Your goal >>
Retype word for word the stretch of entries below from the line that has "The significant DEGs" through the line that has "높은 담장 느낌의 휀스를 설치, 휀스 앞쪽으로 플랜트박스를 배치해", and omit the pictures.

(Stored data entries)

^^^^^^^^^^^^^^^^

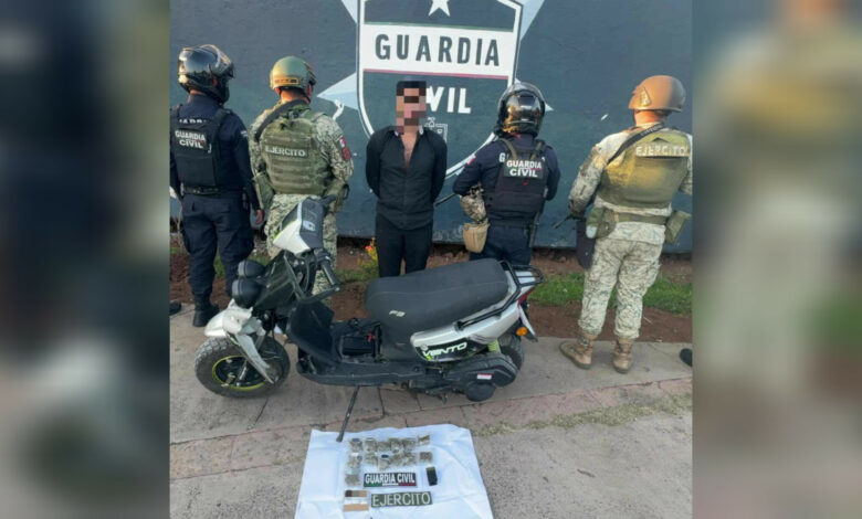 Al patrullar sobre una brecha de terracería en la colonia Villas del Oriente, elementos de la Guardia Civil y del Ejército Mexicano localizaron al ahora detenido de 26 años a bordo de una motocicleta, a quien le marcaron el alto para efectuarle una inspección.
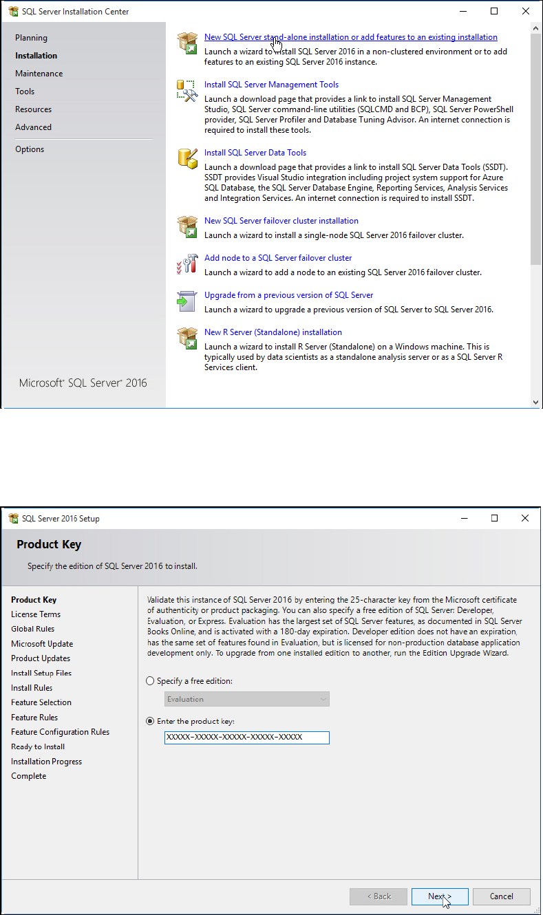 SQL Server 2016 / I nstallation Manual 12/2016 Edition 9 4.2 Installing S QL Server 201 6 Standard Edition Follow the instructi ons below for the manual inst allation of SQL Server 201 6 St andard Edition . ► Ensure that…
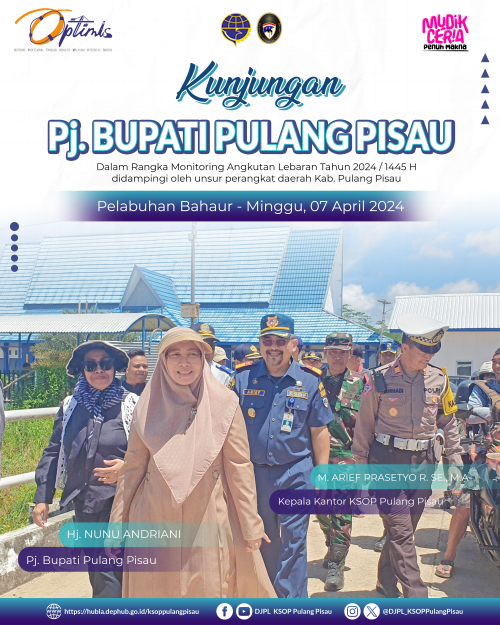 Kepala Kantor KSOP Pulang Pisau - menerima kunjungan PJ.Bupati Pulang Pisau dalam rangka monitoring angkutan lebaran Tahun 2024 1445 H didampingi oleh unsur perangkat daerah Kab. Pulang Pisau di Pelabnuhan Bahaur, Kabupaten Pulang Pisau.
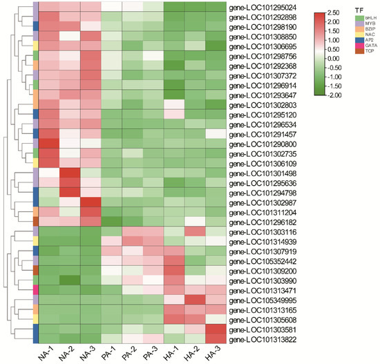 The significant DEGs included 35 genes encoding TFs that were predicted to be associated with aroma formation. Of these DEGs, 12 and 23 had up-regulated and down-regulated expression levels, respectively (Table S5). Additionally, these genes encoded the following: four bHLH TFs, 11 MYB TFs, five bZIP TFs, four NAC TFs, eight AP2 TFs, one GATA TF, and two TCP TFs (Figure 8). Among the TF genes, TCP9 (LOC101309200) expression was up-regulated 36.85- and 31.62-fold, MYB (LOC105349995) expression was up-regulated 34.02- and 3.95-fold, AP2 (LOC101302987) expression was down-regulated 4.89- and 19.15-fold and bZIP (LOC101311204) expression was down-regulated 3.78- and 7.72-fold in the NA vs. HA and NA vs. PA comparisons, respectively (Figure 8), implying they may play a critical role in the formation of the peach-like aroma of F. nilgerrensis fruits.
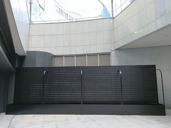 높은 담장 느낌의 휀스를 설치, 휀스 앞쪽으로 플랜트박스를 배치해
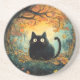 Der Herbst lässt eine gemütliche schwarze Katze fa Getränkeuntersetzer

^^^^^^^^^^^^^^^^

Result for this task >>
 The significant DEGs included 35 genes encoding TFs that were predicted to be associated with aroma formation. Of these DEGs, 12 and 23 had up-regulated and down-regulated expression levels, respectively (Table S5). Additionally, these genes encoded the following: four bHLH TFs, 11 MYB TFs, five bZIP TFs, four NAC TFs, eight AP2 TFs, one GATA TF, and two TCP TFs (Figure 8). Among the TF genes, TCP9 (LOC101309200) expression was up-regulated 36.85- and 31.62-fold, MYB (LOC105349995) expression was up-regulated 34.02- and 3.95-fold, AP2 (LOC101302987) expression was down-regulated 4.89- and 19.15-fold and bZIP (LOC101311204) expression was down-regulated 3.78- and 7.72-fold in the NA vs. HA and NA vs. PA comparisons, respectively (Figure 8), implying they may play a critical role in the formation of the peach-like aroma of F. nilgerrensis fruits.
 높은 담장 느낌의 휀스를 설치, 휀스 앞쪽으로 플랜트박스를 배치해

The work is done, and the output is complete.